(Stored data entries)

------------------------------

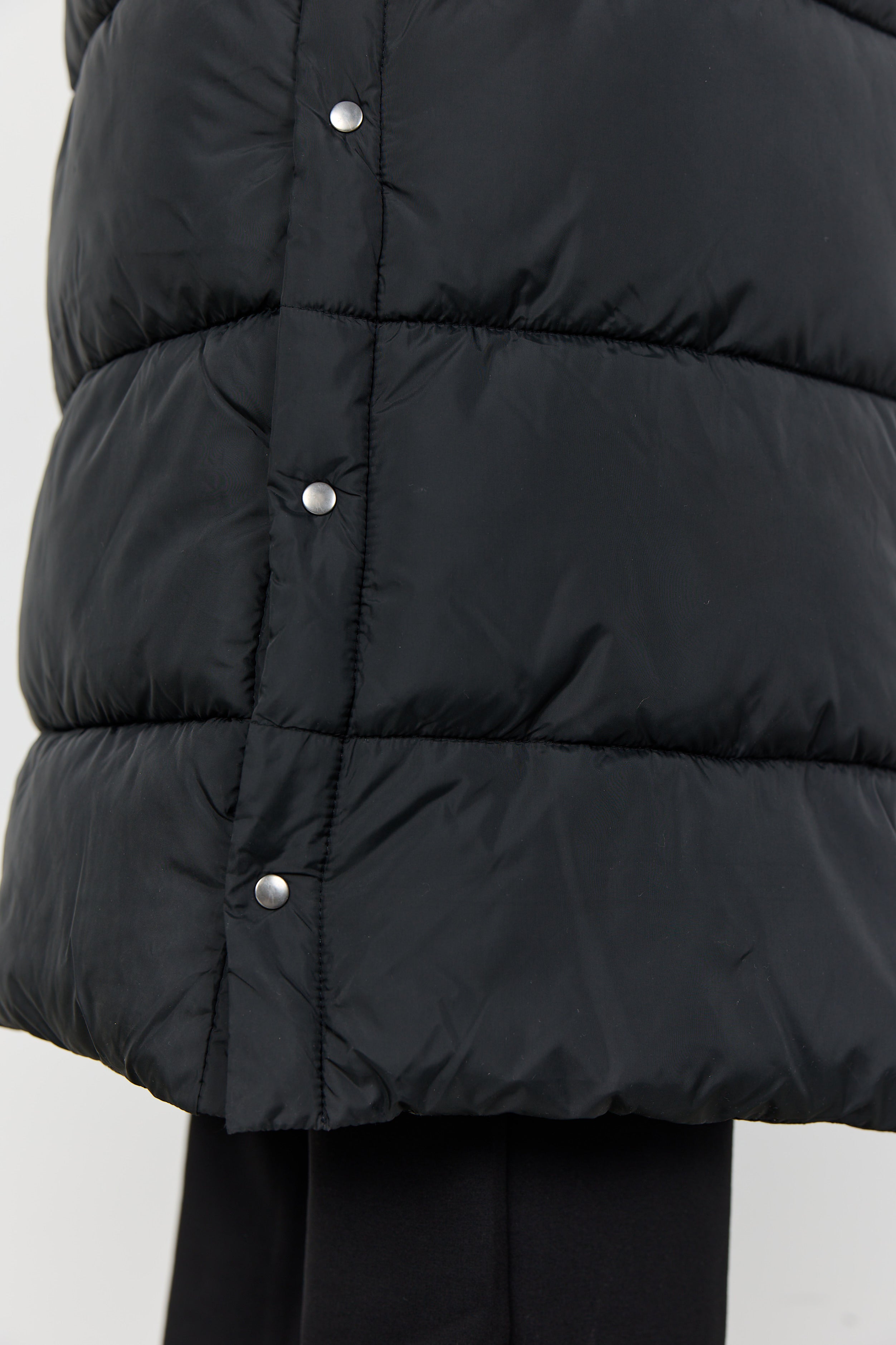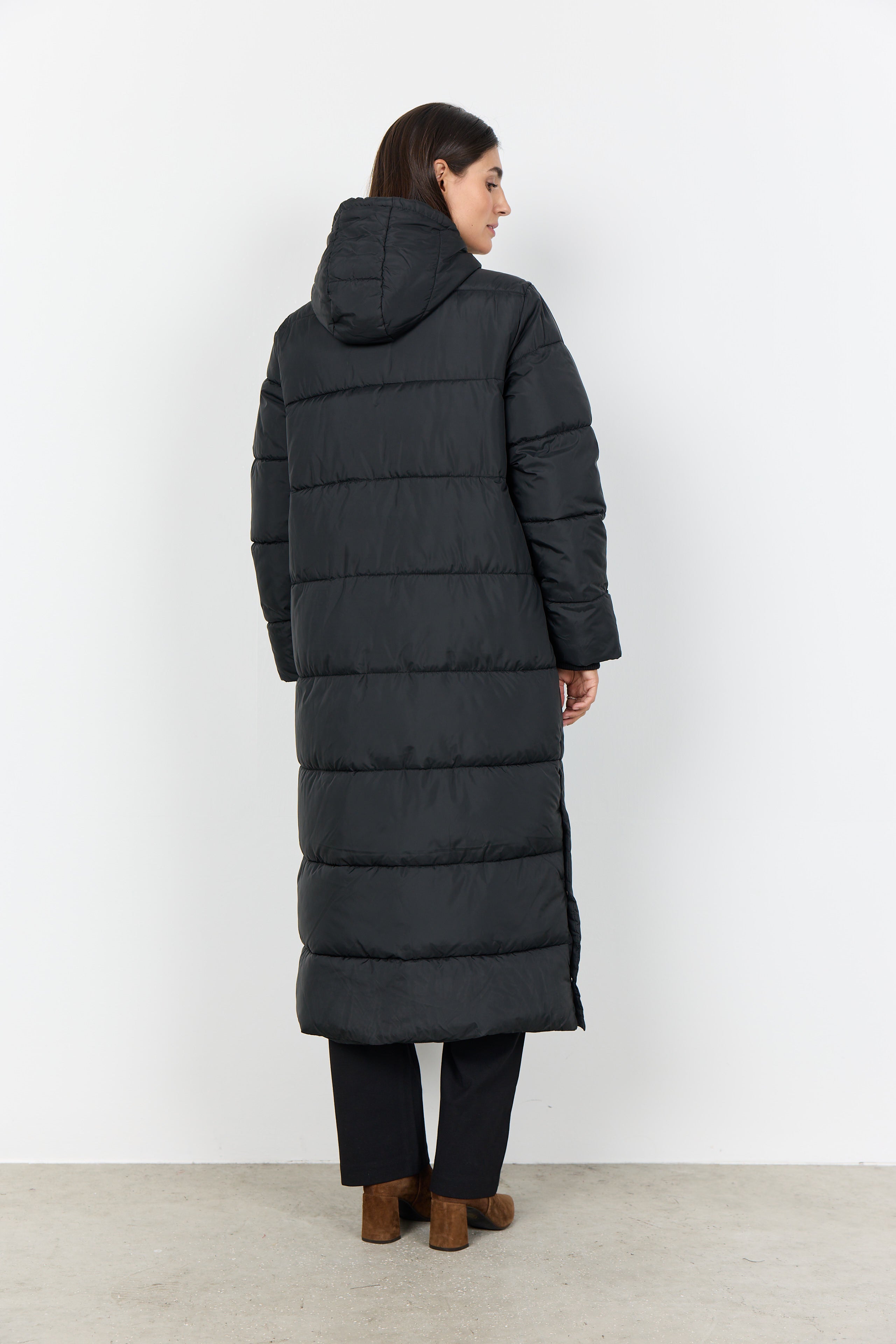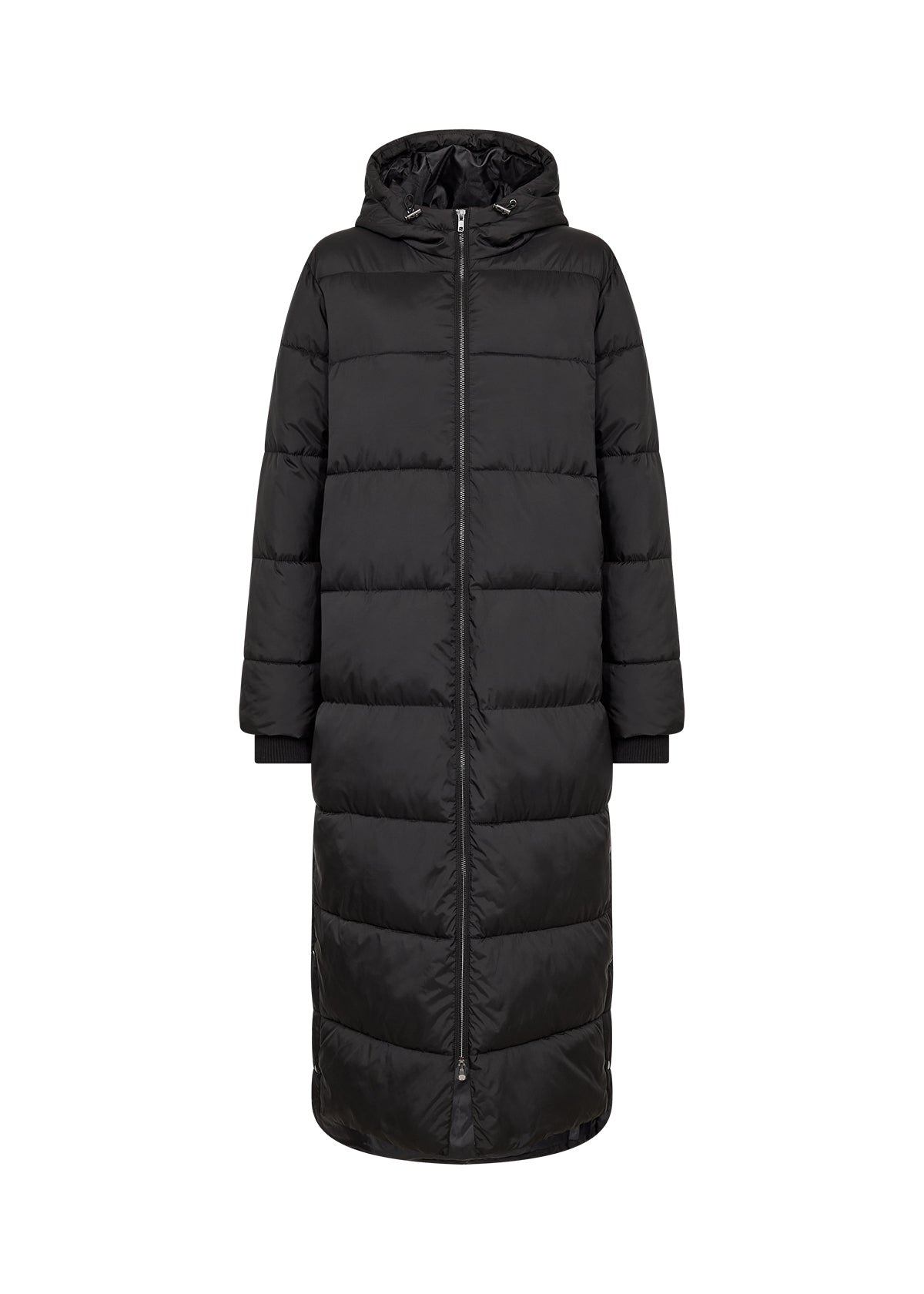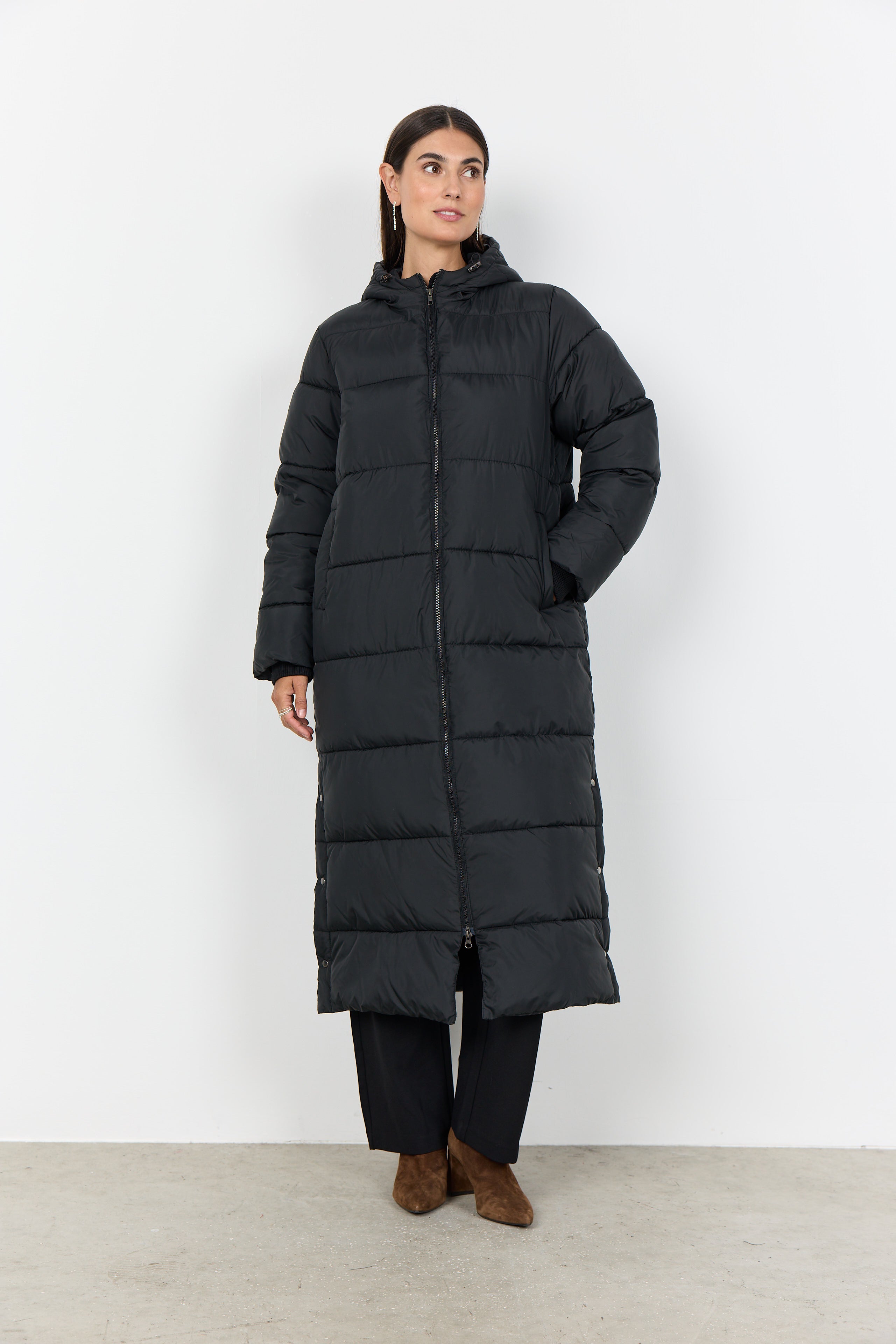 SC_SORINE 1 frakken fra SOYACONCEPT. Den har en krave med hætte, en lynlås i fuld længde og quiltede syninger, der giver et hyggeligt look. Praktisk åbning med trykknapper for neden i siderne.
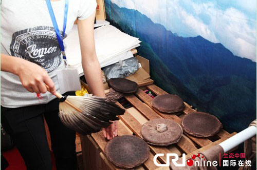 云南普洱茶信息网中国信息频道消息:中国云南普洱茶,因产地旧属云南普洱府(今普洱市),故得名。由于云南普洱茶养生、抗癌,减肥等等功能,其魅力经久不衰。在第二届中国国际茶业及茶艺博览会上,展商向观众现场展示了云南普洱茶古法石磨制茶法,让很多观展市民对云南普洱茶制作工艺有了更近一步的了解。
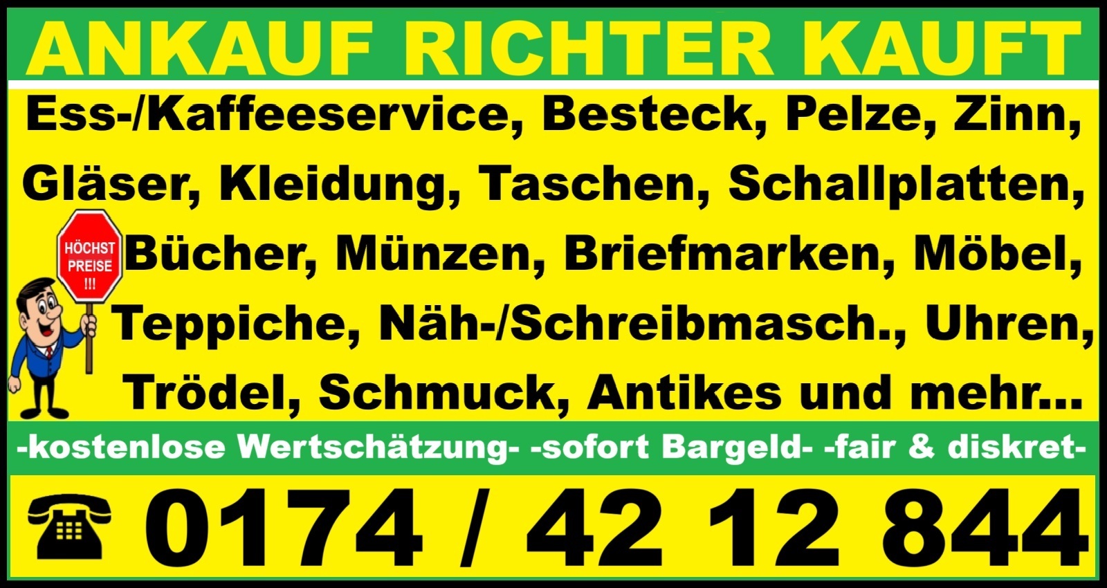 !! Ankauf - Richter kauft zu Höchstpreisen an. Bitte alles anbieten. -Sofort Bargeld- -seriös & fair-. Freundliche Grüße Hr. Richter Tel. 01 74 / 42 12 844
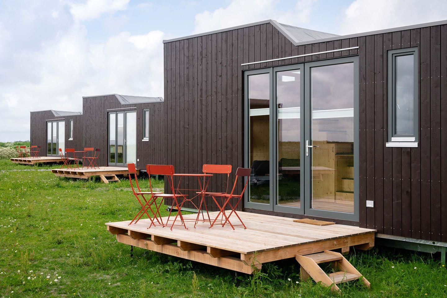 Nachhaltiges Green Tiny House Nature an der Nordsee bietet Natururlaub mit modernem Komfort und großer Terrasse.
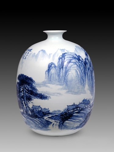从1982年开始,为改变传统绘画技法,受高温颜色釉窑变景象万千之启示,从山水画着手,开扩泼墨彩研究,通过墨彩的自然晕散与流动来表现自然界变化莫测的物象和意境。按唐人王恰“以其痕迹,为山为石”之说,结构山石林泉,追求天趣,展现其诗情画意。将一些创新的特殊技法移植到陶瓷绘画中,体现了对陶瓷美术创作的新定位及新思考。
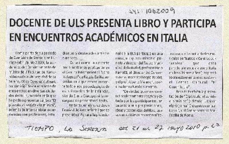 Docente de ULS presenta libro y participa en encuetros académicos en Italia [artículo]
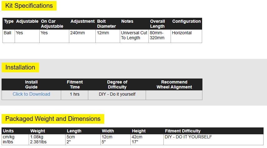 Whiteline a développé des biellettes de barre stabilisatrice universels intelligents, coupés à la longueur, avec une rotule de 12 mm et une plage de réglage de 80-320 mm c/c. Un seul numéro de pièce couvre des centaines d'applications.
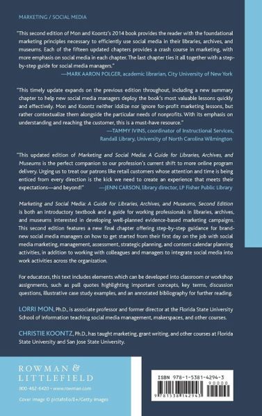 This updated new edition is a much- needed guide to marketing for libraries, archives, and museum professionals in the social media age. It is both an introductory textbook and a guide for working professionals who want to go beyond mere promotion to developing and deliberately managing a comprehensive marketing campaign.
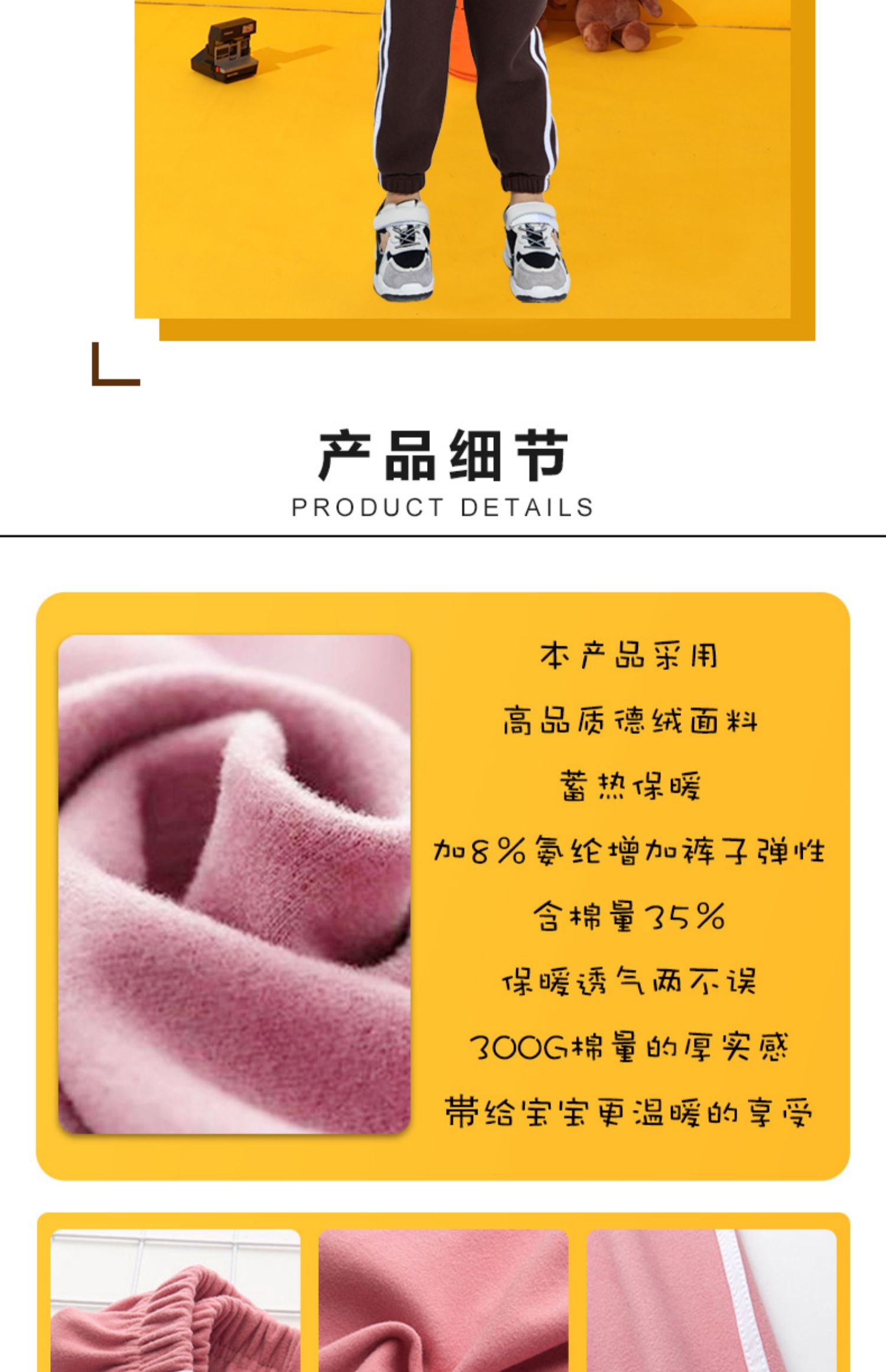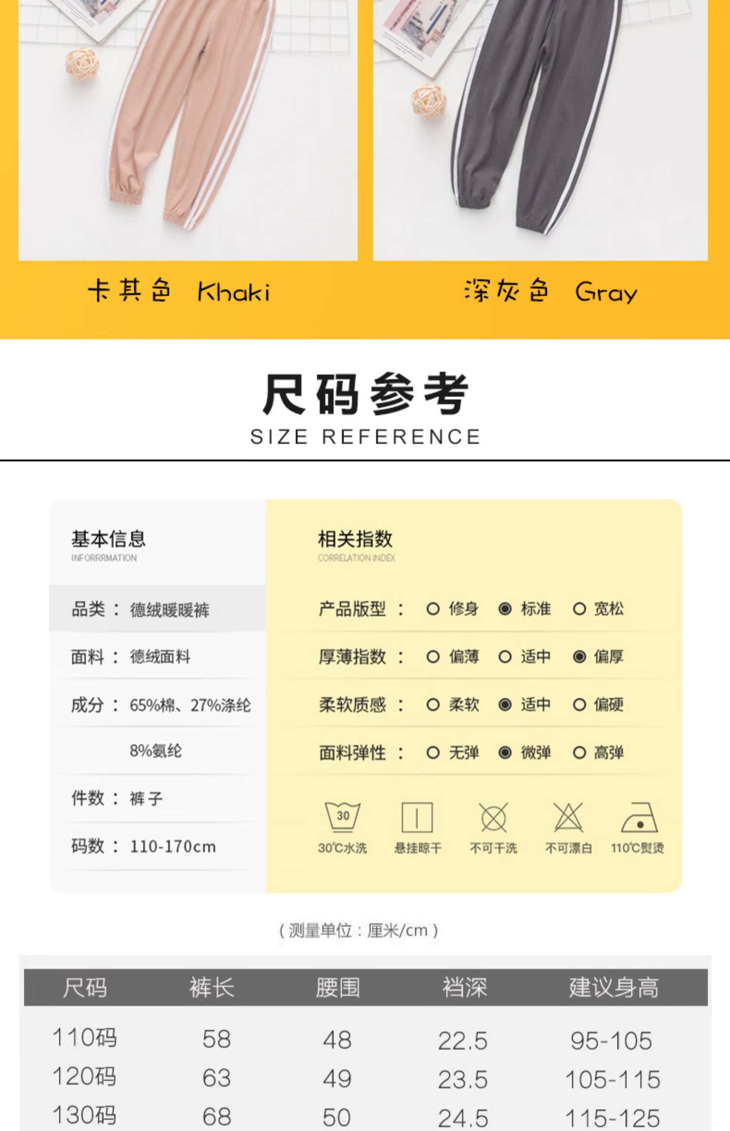 男女童装双条纹德绒暖暖裤,舒适百搭,怎么穿都好看,柔软亲肤,保暖透气两不误,300g棉量的厚实感,带给宝宝更温暖的享受~

------------------------------

**Exercise brief:** Taking the entries above, copy word for word the lines from the one with "Nachhaltiges Green Tiny" up to and including the one with "Docente de ULS", without any picture.

**Task output:**
 Nachhaltiges Green Tiny House Nature an der Nordsee bietet Natururlaub mit modernem Komfort und großer Terrasse.
从1982年开始,为改变传统绘画技法,受高温颜色釉窑变景象万千之启示,从山水画着手,开扩泼墨彩研究,通过墨彩的自然晕散与流动来表现自然界变化莫测的物象和意境。按唐人王恰“以其痕迹,为山为石”之说,结构山石林泉,追求天趣,展现其诗情画意。将一些创新的特殊技法移植到陶瓷绘画中,体现了对陶瓷美术创作的新定位及新思考。
 Docente de ULS presenta libro y participa en encuetros académicos en Italia [artículo]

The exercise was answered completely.